= Vīramitrodaya =

The Vīramitrodaya refers to a Hindu law digest written by Mitra Miśra, a brahmin from Gopācala (present day Gwalior) which covers nearly every aspect of Dharmaśāstra. The work was done at the behest of King Vīrasimhadeva of Orchha during the reign of Akbar. The Privy Council recorded the text to be a work of high authority regarding Hindu law, revered throughout North India. Mitamiśra's text includes hundreds of citations from many Hindu religious texts (a large volume of which are either lost or remain unpublished) in which he analyzes and critiques numerous arguments, following which he puts forward his own opinions. The same title is also applied to a commentary of the Yājñavalkyasmṛti also written by the same person.

==Text==
The nibandha titled Viramitrodaya is composed of 22 sections, called prakāśas. The following 12 are available in printed form

● Paribhāṣā-prakāśa - deals with etymology (similar to Etymologiea)

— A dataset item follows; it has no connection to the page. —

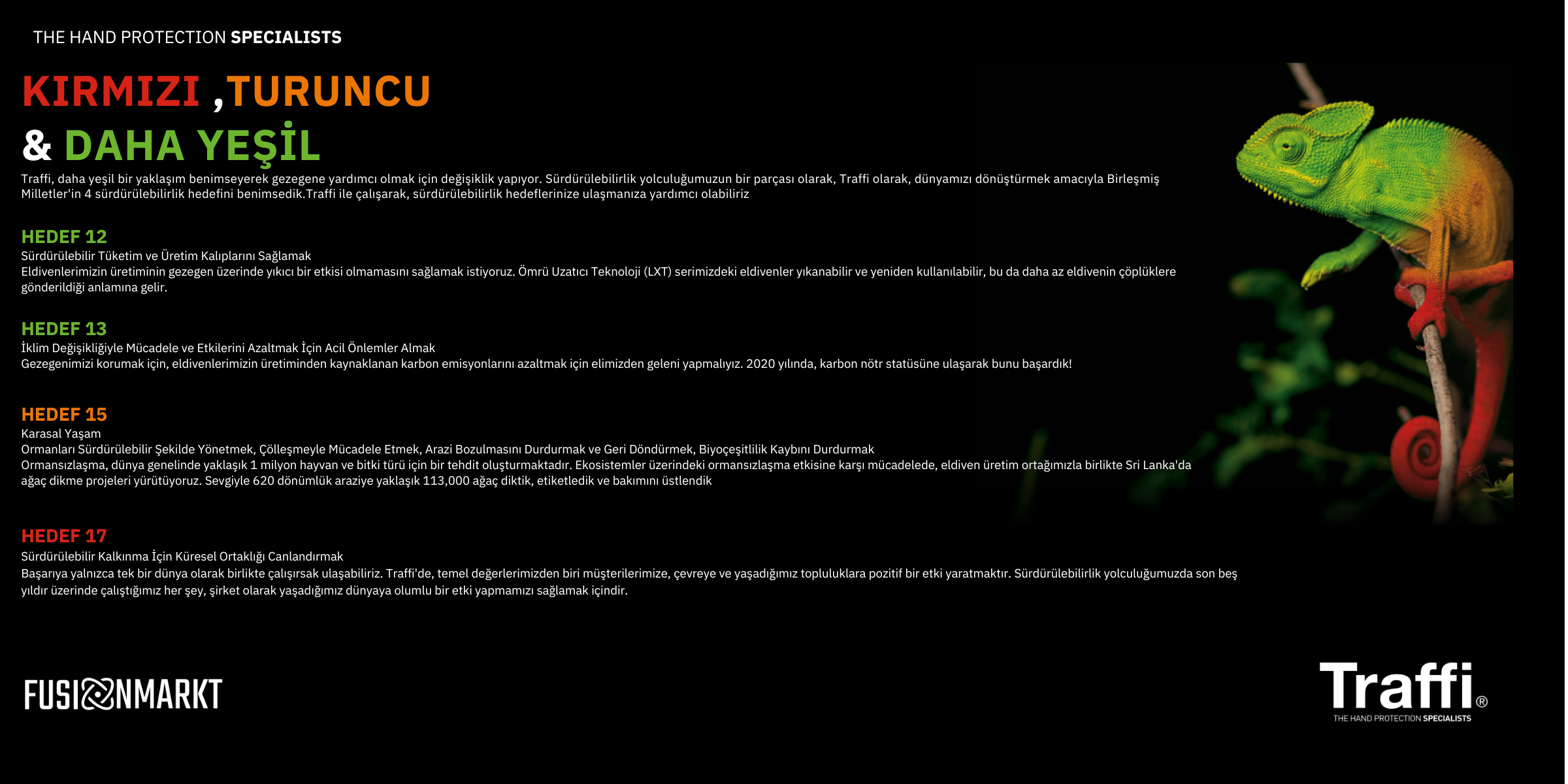 Traffi, güvenlik eldivenleri sektöründe sürdürülebilirliği merkeze alan inovatif çözümleriyle, operasyonel süreçlerini çevre dostu yaklaşımlar çerçevesinde şekillendirmektedir. İş güvenliği eldivenleri, LXT serisi ve tek kullanımlık eldivenler alanında uzmanlaşan Traffi, 2020 yılında karbon nötr olma hedefini gerçekleştirerek sektörde bir ilk olmuştur. İş süreçlerinde Sürdürülebilirlik Bilim Temelli Hedefler Girişimi (SBTi) ile uyumlu çalışarak karbon ayak izini minimize etme konusunda liderlik yapmaktadır.

● Saṃskāra-prakāśa - deals with rites of passage

● Āhnika-prakāśa - deals with rites to be performed daily (like bathing, sandhyāvandanā, tarpaṇa etc)

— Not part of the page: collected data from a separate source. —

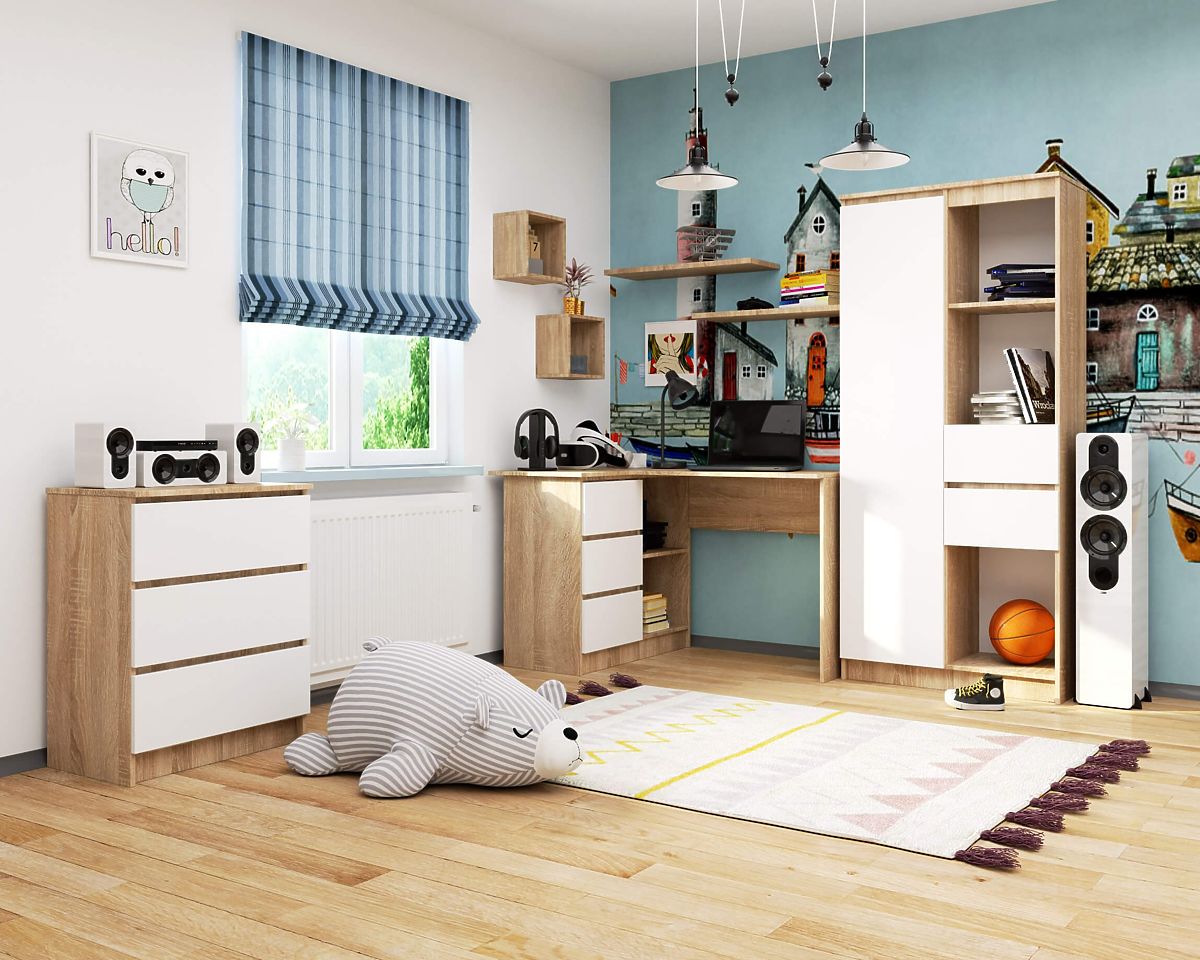 Banaby.fr » Meubles pour enfants / Tables enfant / Bureaux enfant / BUREAU D'ANGLE B16 124 cm GAUCHE 3 TIROIRS CHÊNE SONOMA / BLANC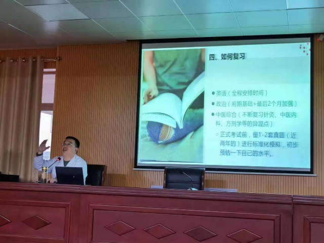 2021年12月27日,我院在仁和楼五楼会议室举办2023届毕业生考研前期指导会,中医系主任王政老师主讲,2018级全体学生参会。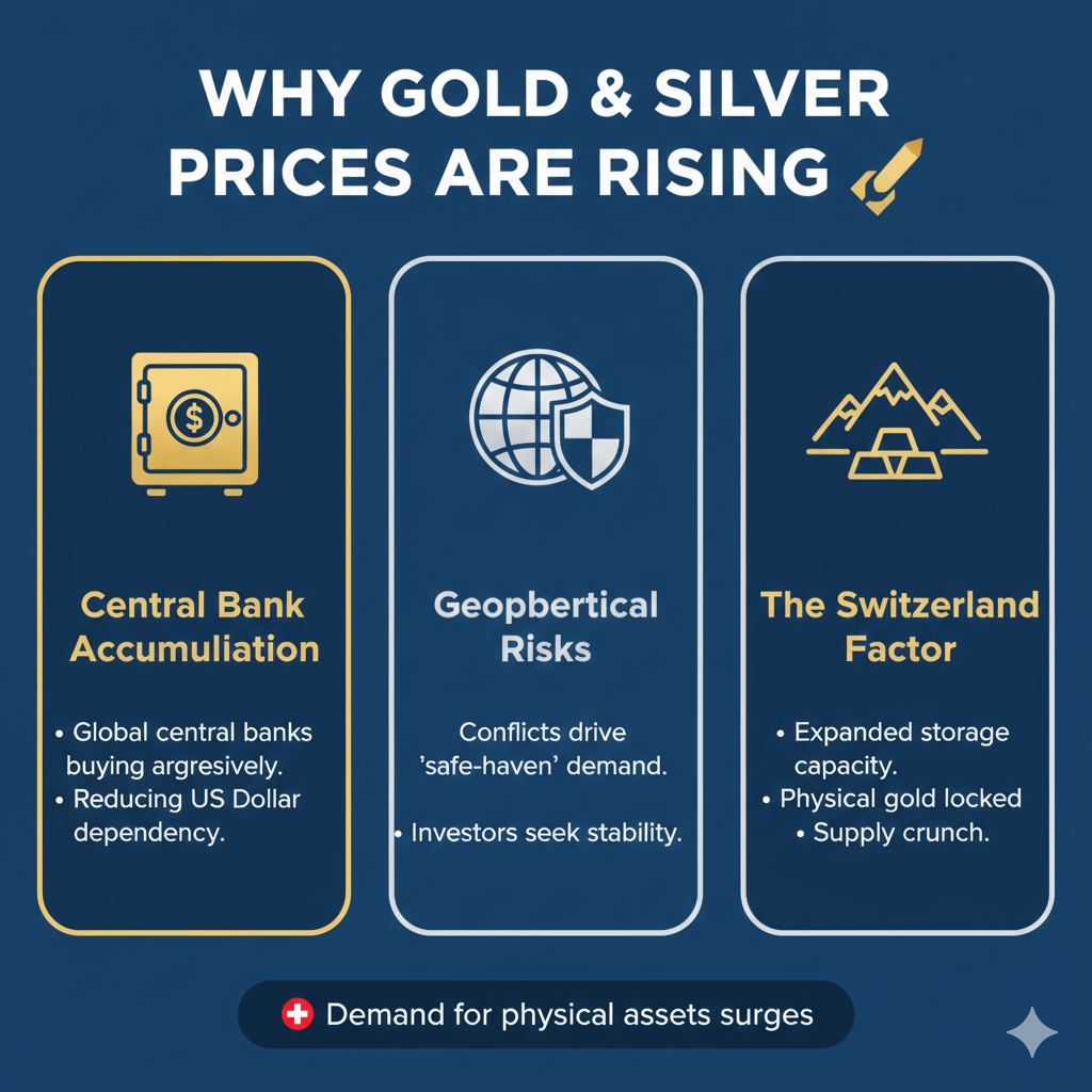 Escassez de Oferta: Como o maior centro de refino do mundo, a movimentação da Suíça para trancar o ouro físico em cofres está reduzindo a oferta de mercado, o que está elevando os preços.

● Pūjā-prakāśa - deals with rites of pūjā

● Lakṣaṇa-prakāśa - deals with physiognomy (similar to Physiognomonics)

● Rājanīti-prakāśa - deals with rites & duties related to royalty (like enthronement, issuing edicts, consecrating royal seal, securing victory, maintaining sovereignty etc) alongside division of power & criminal laws as espoused in śāstras.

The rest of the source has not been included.